I’ve been spending some time working through the British Government’s “Draft of Children’s Safeguarding Performance Information for Consultation” which was published in January and relates to England. A number of statistics surrounding child protection and related activity are proposed.

The consultation closes on the 16th April 2012, so there is still plenty of time to respond. I think doing so is a really important – although it is a somewhat technical issue – because if these ‘performance indicators’ are got wrong the child protection system, and those who work in it, could suffer the consequences for years ahead. 

So if you have strong views, a talent for constructive criticism or some good ideas, I would strongly urge you to contribute to the consultation, which you can do by visiting the following http://www.education.gov.uk/consultations/index.cfm?action=consultationDetails&consultationId=1803&external=no&menu=1

It will take me sometime to prepare my response to this consultation in full, but my initial reactions are very mixed. I think that the Government has rightly accepted some of the suggestions made in the Munro Review, but  some odd additions and elaborations are being proposed, which begin to make the list look formidable. There is no point having lots of statistics if they do not relate clearly to what you want to achieve.

A deep and fundamental flaw in the whole presentation is the careless use of the word ‘performance’. In the first place there is no definition of whose performance is being referred to. And a lot of measures that are suggested do not measure any-one’s performance at all, such as the rate of violent and sexual offences against children, or the rate of attendance of children and young people at accident and emergency units for assaults, deliberate self harm and other accidents. It is vital to understand that these are important items of contextual information, but they are influenced by factors beyond any-one’s control, so they are not 'performance information'.

I think it would have helped greatly to have divided the whole lot up into four clearly demarcated areas:

  • Contextual information relevant to the demand for particular kinds of services at both national and local level
  • Information about inputs into locally based services, especially staffing
  • Information about the local operation itself based around quality, speed and cost
  • Information about outcomes, where this is available

I have also found the consultation document to be sloppily drafted. For example statistics are proposed about ‘newly qualified social worker posts’ (whatever they are?) when what is clearly intended is ‘the number of vacancies filled by newly qualified social workers’. And the authors also seem to have forgotten the word ‘children’s’ in front of the words ‘social workers’, because there is no point measuring lots to do with the health and morale of the adult social care workforce in an exercise devoted to understanding services to children.
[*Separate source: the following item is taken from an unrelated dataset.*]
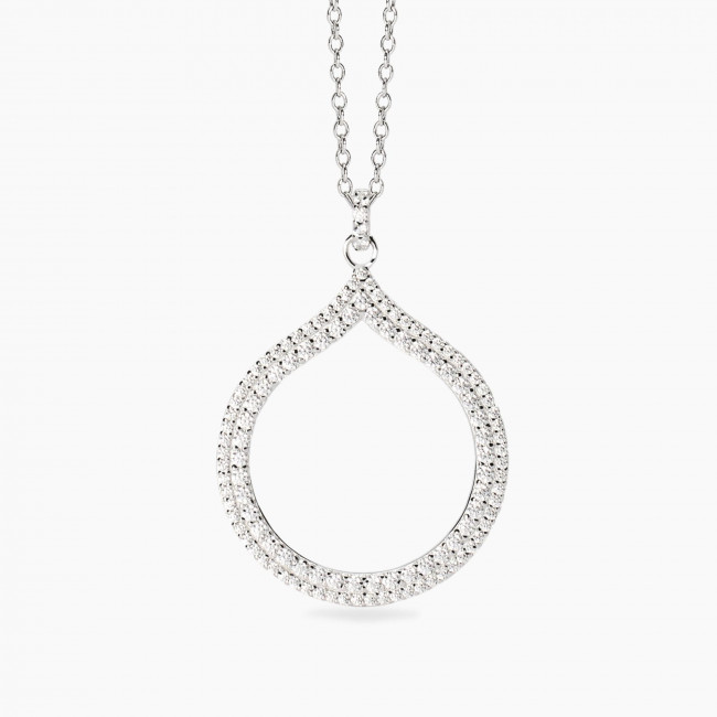 girocollo in argento con catena rolò con pendente goccia in zirconi bianchi.
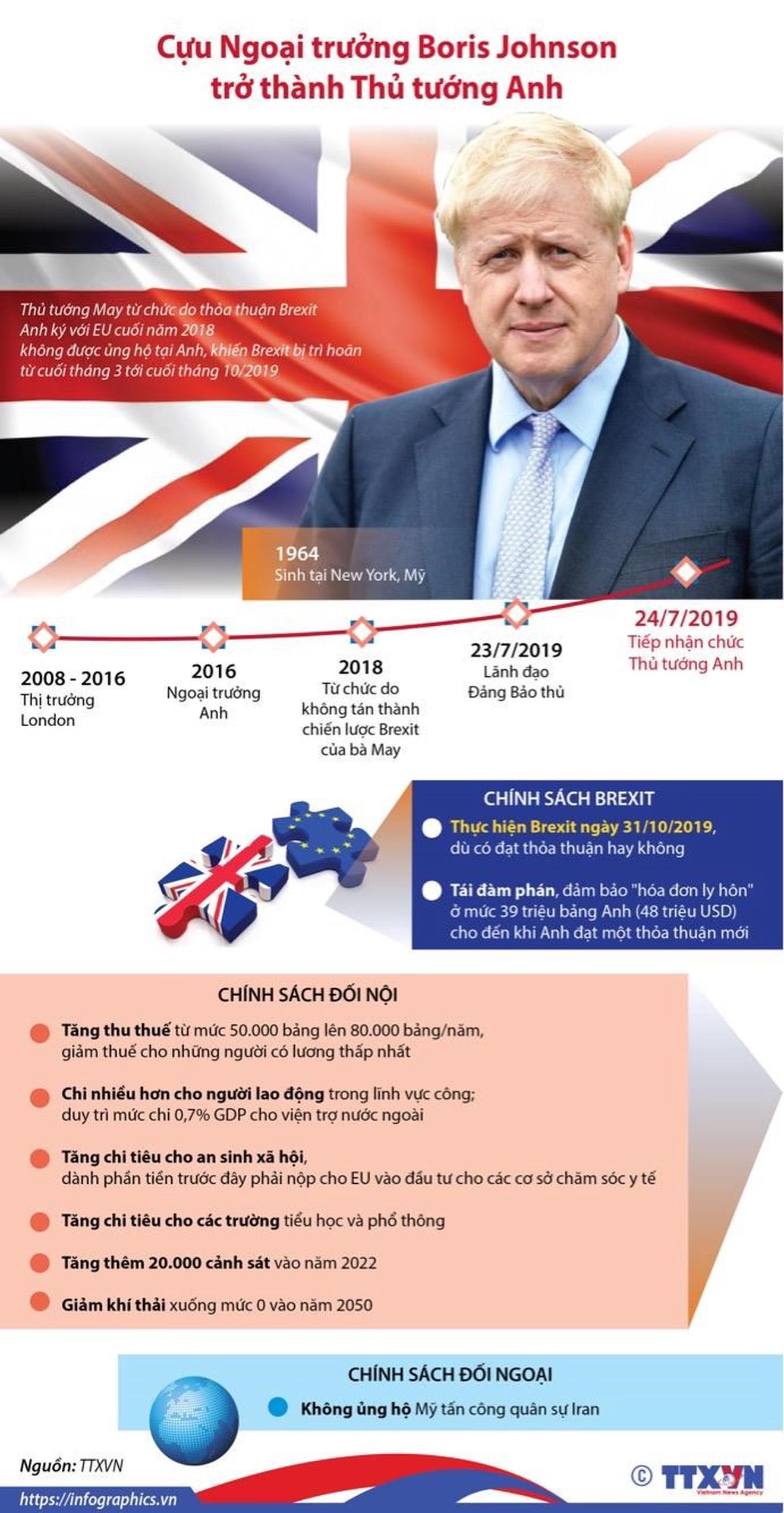 Cựu Ngoại trưởng Anh Boris Johnson ngày 23/7 đã được bầu làm lãnh đạo đảng Bảo thủ và trở thành Thủ tướng tiếp theo của Vương quốc Anh, thay thế Thủ tướng Theresa May vào ngày 24/7.

Then there are the usual problems associated with ‘performance indicators’. I fear civil servants have still to come to terms with these difficulties. As long ago as 1966 Peter Blau*, an American expert on organisational behaviour, found that performance measures often result in behaviour that conflicts with organisational aims; employees are able to improve their performance on an indicator, while, and often as a result, organisational performance actually declines. Nearly 50 years later British civil servants still do not seem to have fully got the point!!

The dangers are perhaps greatest with indicators that measure the speed at which parts of the process are completed. Over the years there has been a pervasive failure to understand that speeding up a particular stage of a process may not result in speeding up the whole process; and in some circumstances may actually result in slowing it down. Processes run at the speed of the slowest bottleneck, so speeding up stages other than the bottleneck will have no positive effect, and, if resources are diverted away from the bottleneck, will slow the whole process down.

I will be publishing on this blog a summary of my full response to this consultation, so watch this space.


* Blau, P. M. The Dynamics of Bureaucracy, Chicago UP, 1966.